Data under study START
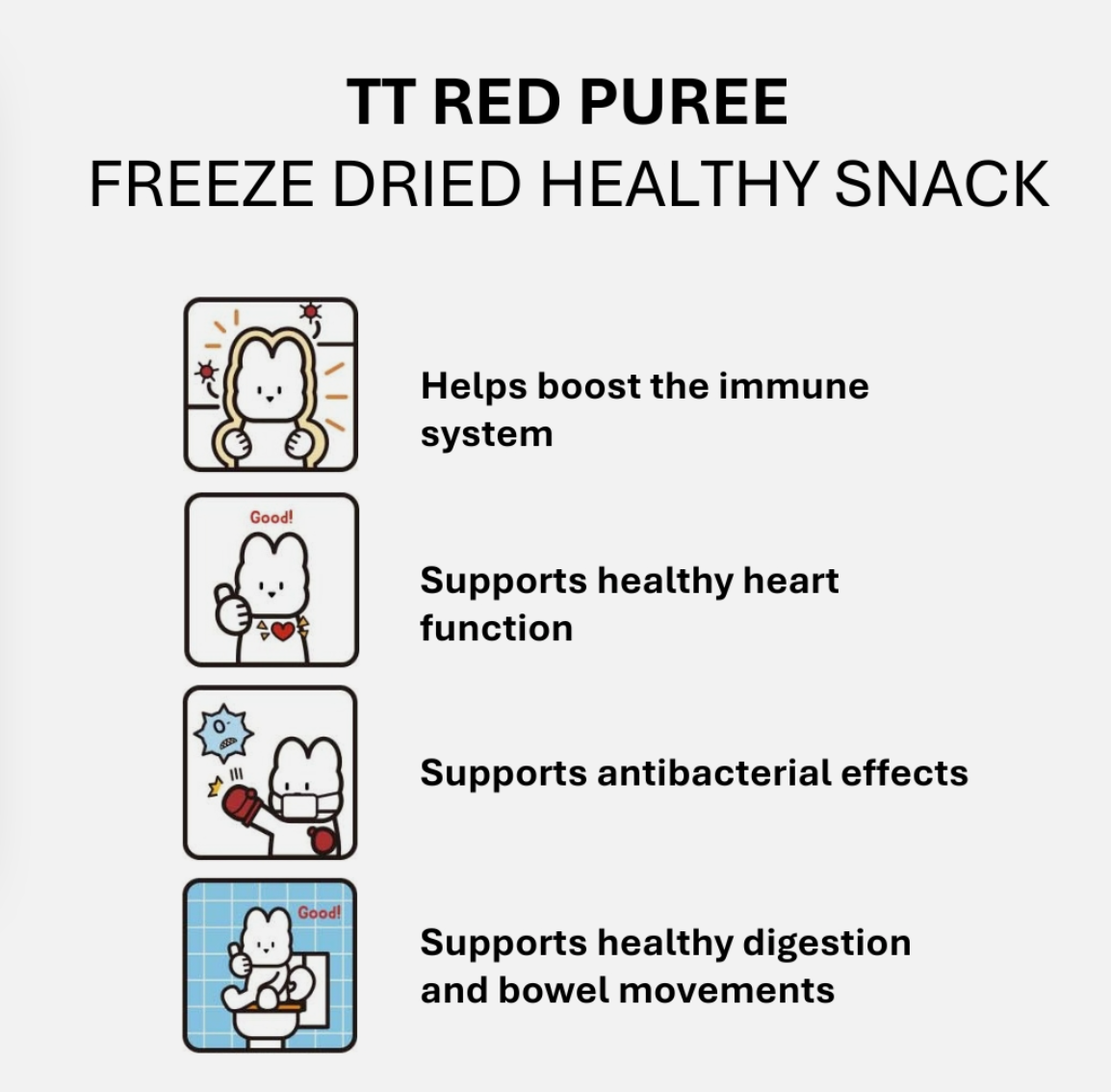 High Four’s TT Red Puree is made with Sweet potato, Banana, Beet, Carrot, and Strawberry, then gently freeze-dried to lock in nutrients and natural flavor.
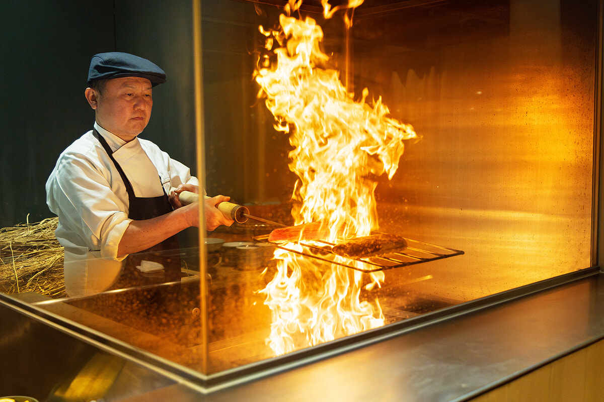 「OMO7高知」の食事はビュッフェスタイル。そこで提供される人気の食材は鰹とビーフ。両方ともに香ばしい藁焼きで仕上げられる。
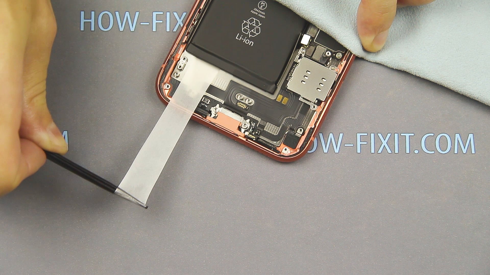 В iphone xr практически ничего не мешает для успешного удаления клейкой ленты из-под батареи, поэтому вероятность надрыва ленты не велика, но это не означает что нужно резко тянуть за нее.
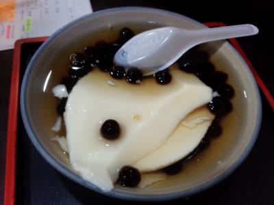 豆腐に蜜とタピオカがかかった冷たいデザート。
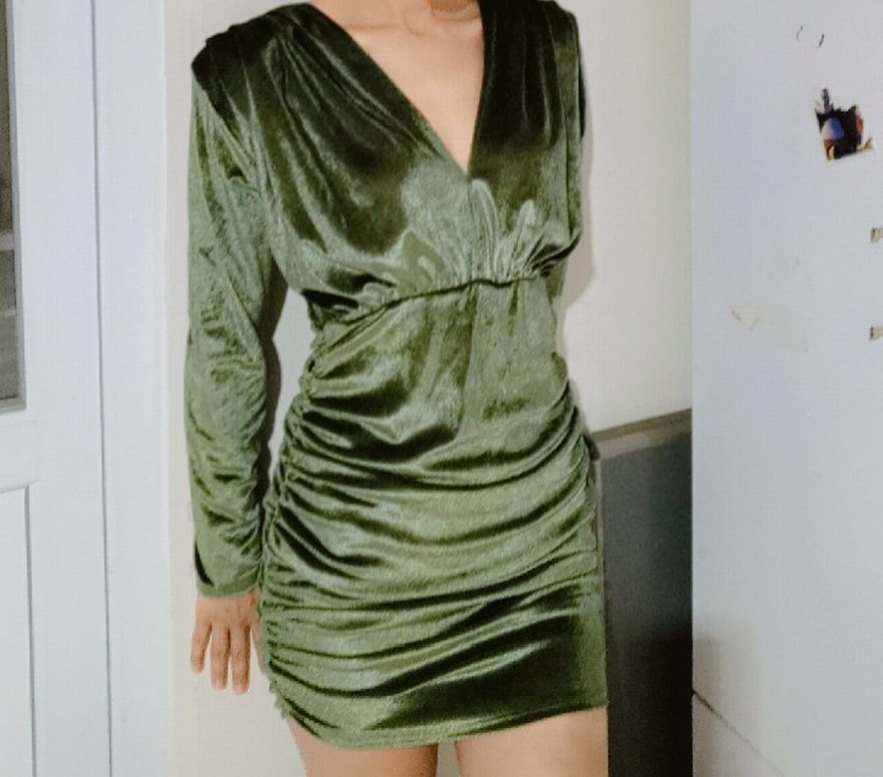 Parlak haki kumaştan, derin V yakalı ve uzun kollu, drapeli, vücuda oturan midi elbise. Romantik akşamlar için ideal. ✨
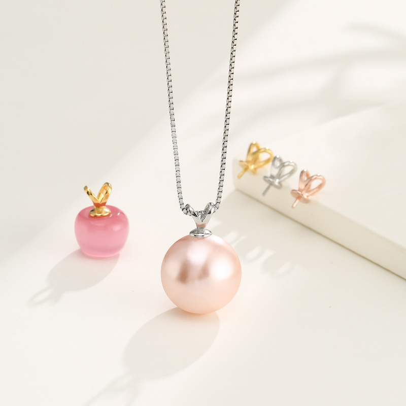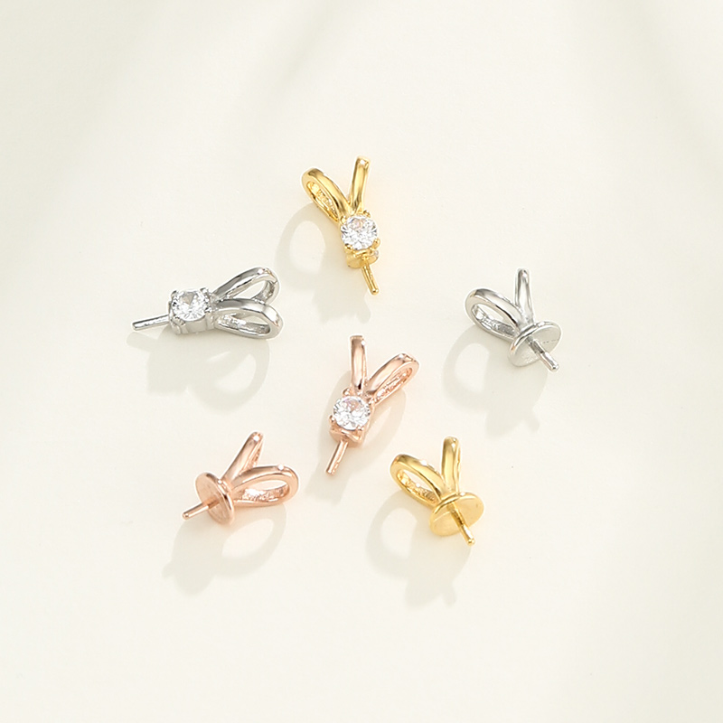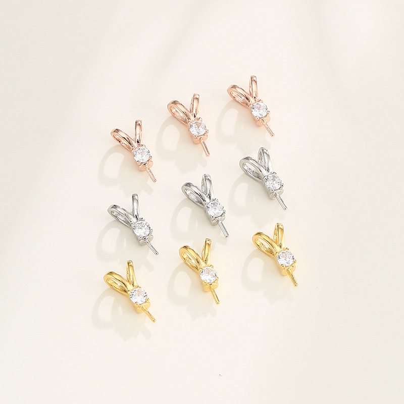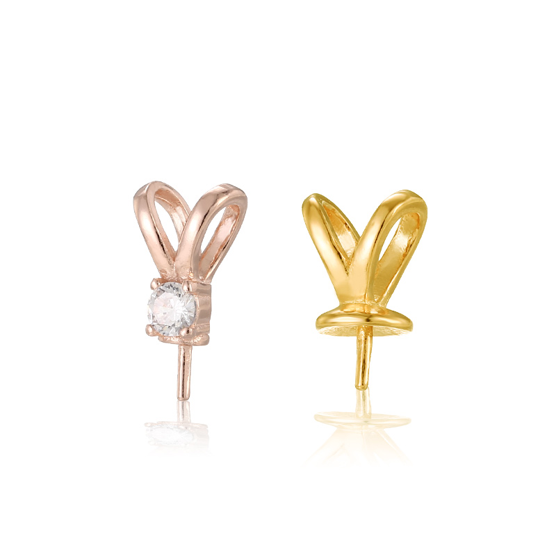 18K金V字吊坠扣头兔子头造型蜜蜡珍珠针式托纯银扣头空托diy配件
Data under study END
Data under study START
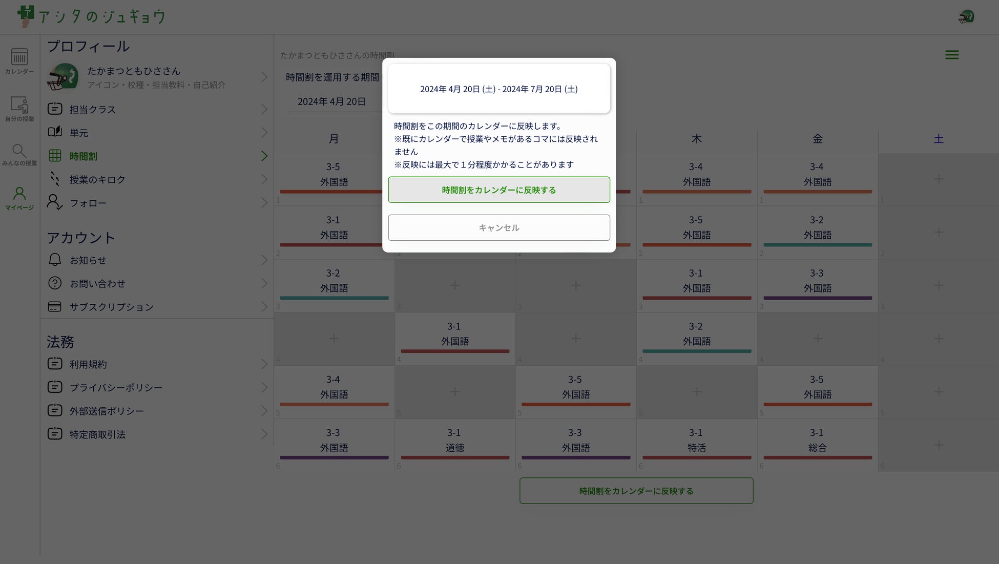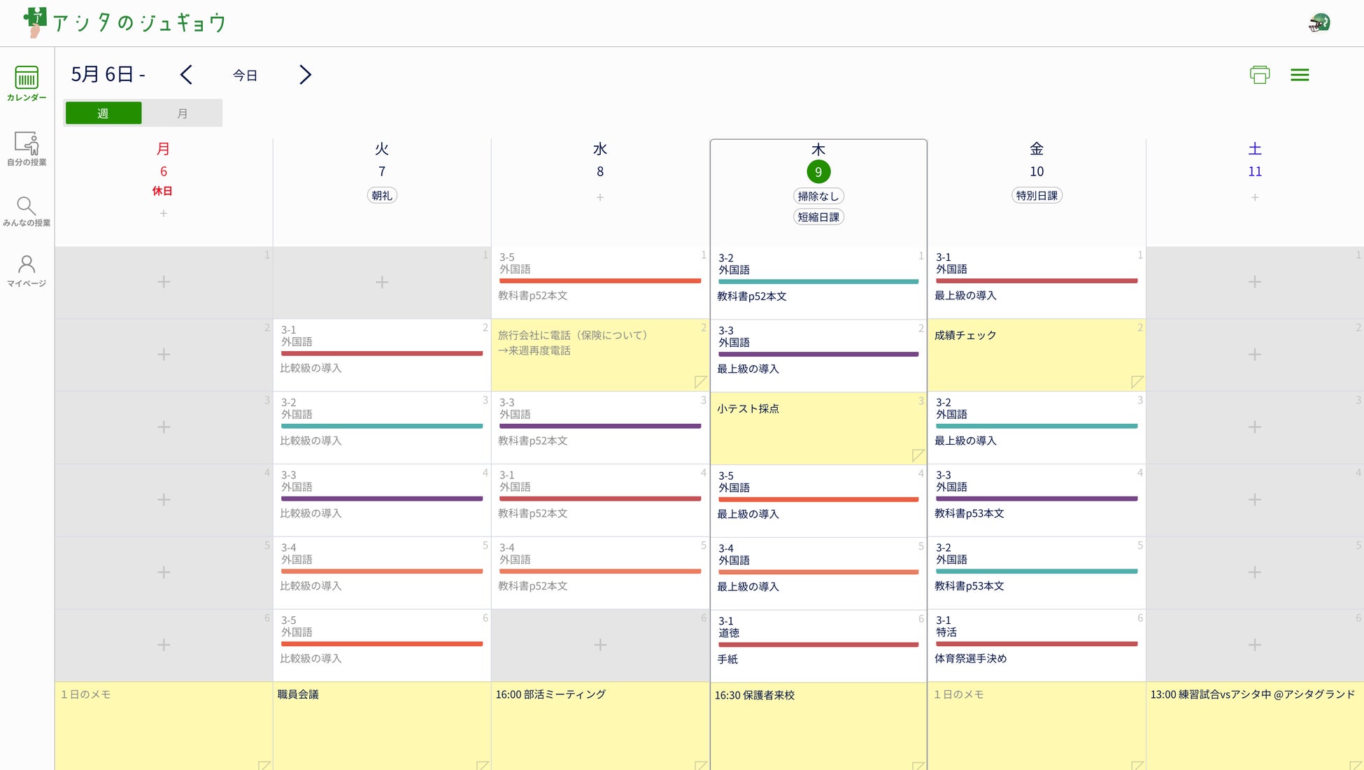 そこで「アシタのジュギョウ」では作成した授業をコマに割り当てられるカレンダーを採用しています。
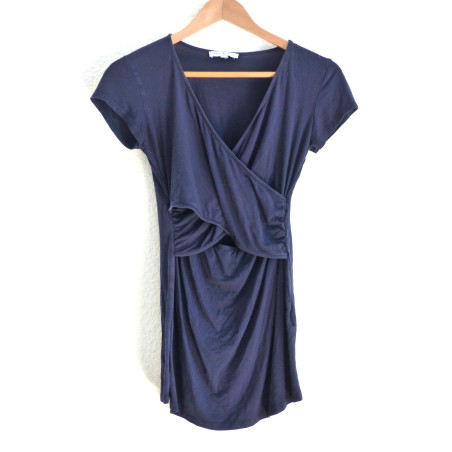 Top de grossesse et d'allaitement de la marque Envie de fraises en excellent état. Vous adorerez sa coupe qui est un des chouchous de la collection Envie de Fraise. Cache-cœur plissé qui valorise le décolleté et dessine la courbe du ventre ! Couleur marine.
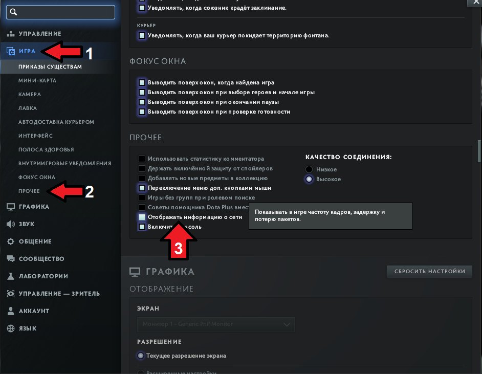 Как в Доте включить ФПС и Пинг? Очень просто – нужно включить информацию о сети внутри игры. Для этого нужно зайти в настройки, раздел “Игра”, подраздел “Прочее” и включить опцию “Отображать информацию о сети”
Data under study END
Data under study START
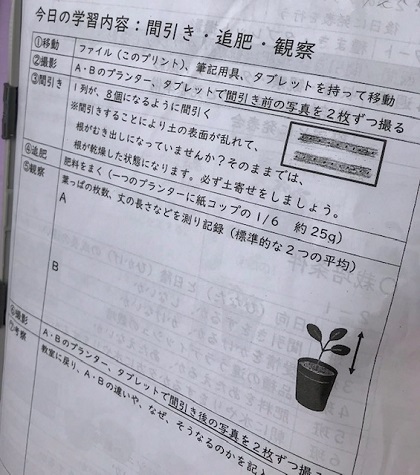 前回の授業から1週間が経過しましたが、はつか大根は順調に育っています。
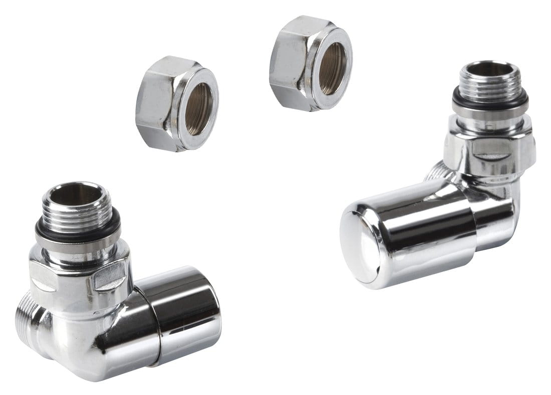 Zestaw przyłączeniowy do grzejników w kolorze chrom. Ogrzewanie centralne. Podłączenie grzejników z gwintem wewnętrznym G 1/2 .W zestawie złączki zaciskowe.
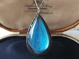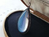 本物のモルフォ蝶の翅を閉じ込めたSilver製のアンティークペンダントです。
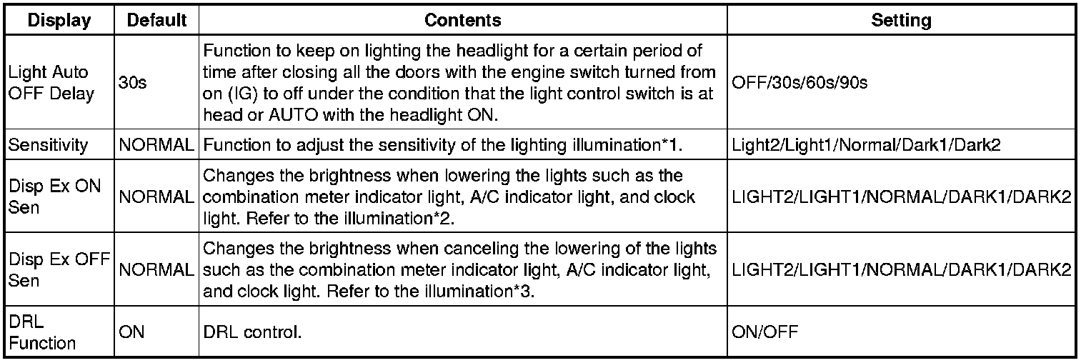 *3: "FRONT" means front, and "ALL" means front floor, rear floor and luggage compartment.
Data under study END
Exercise details:
All pictures are to be skipped. Output, word for word, the lines in the data above starting at the line containing "前回の授業から1週間が経過しましたが、はつか大根は順調に育っています。" and ending at the line containing "and luggage compartment.".

Output for this task:
 前回の授業から1週間が経過しましたが、はつか大根は順調に育っています。
 Zestaw przyłączeniowy do grzejników w kolorze chrom. Ogrzewanie centralne. Podłączenie grzejników z gwintem wewnętrznym G 1/2 .W zestawie złączki zaciskowe.
 本物のモルフォ蝶の翅を閉じ込めたSilver製のアンティークペンダントです。
 *3: "FRONT" means front, and "ALL" means front floor, rear floor and luggage compartment.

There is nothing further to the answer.